## [Work request]
Taking only the lines of the data below from the line with "Watermarked Ball Valve" to the line with "A man snores", ends included, write them out exactly and without pictures.

## [Records supplied]

Start of Block

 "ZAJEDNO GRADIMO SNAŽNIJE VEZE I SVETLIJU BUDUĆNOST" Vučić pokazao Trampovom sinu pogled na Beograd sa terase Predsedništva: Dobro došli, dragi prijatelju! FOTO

End of Block
Start of Block

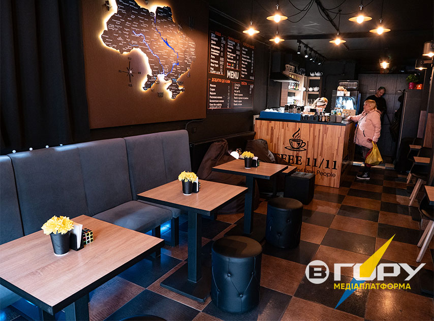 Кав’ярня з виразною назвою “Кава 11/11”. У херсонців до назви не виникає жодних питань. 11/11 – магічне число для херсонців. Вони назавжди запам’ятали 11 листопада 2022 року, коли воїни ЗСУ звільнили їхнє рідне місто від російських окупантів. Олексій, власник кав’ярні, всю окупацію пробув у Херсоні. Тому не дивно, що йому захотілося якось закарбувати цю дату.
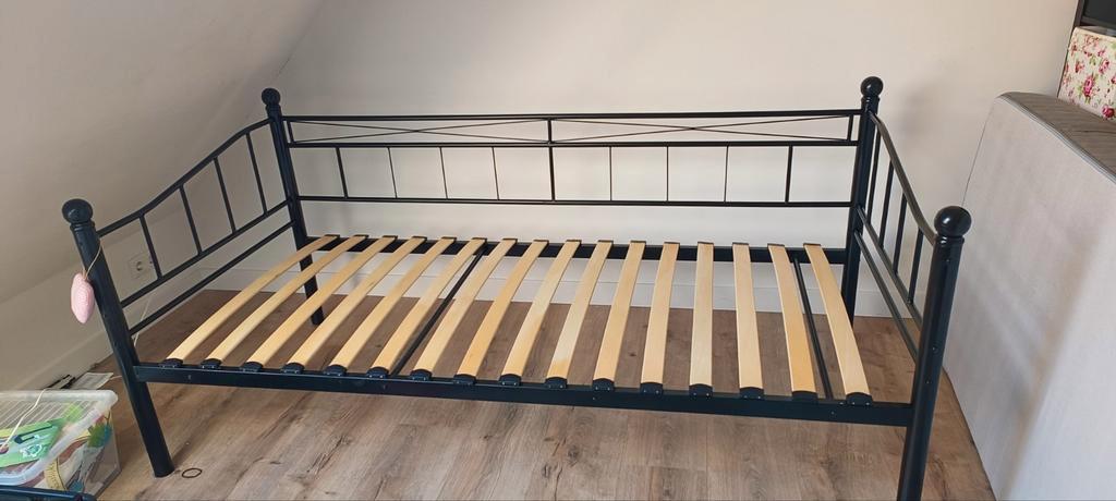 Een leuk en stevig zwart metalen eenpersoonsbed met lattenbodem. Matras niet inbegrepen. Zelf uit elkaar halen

End of Block
Start of Block

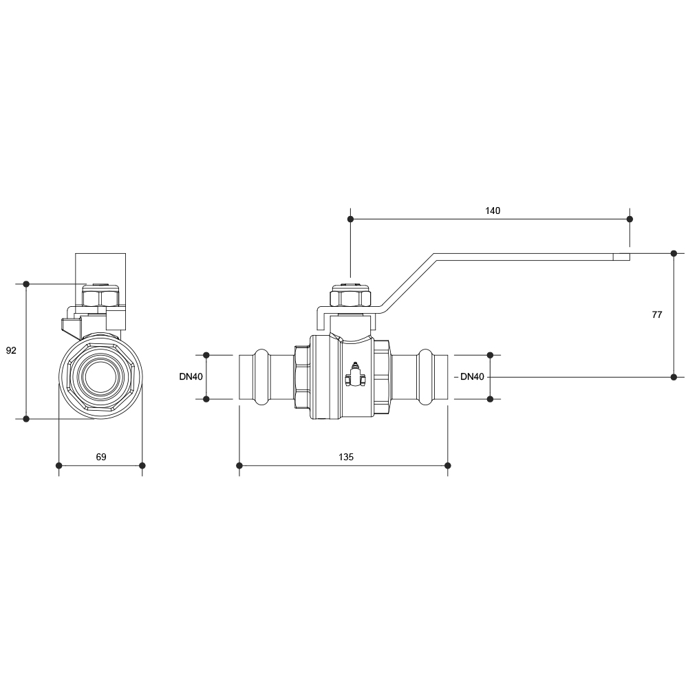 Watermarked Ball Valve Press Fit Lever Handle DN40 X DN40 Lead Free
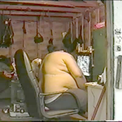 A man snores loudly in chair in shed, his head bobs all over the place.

End of Block

## [Your response]
 Watermarked Ball Valve Press Fit Lever Handle DN40 X DN40 Lead Free
 A man snores loudly in chair in shed, his head bobs all over the place.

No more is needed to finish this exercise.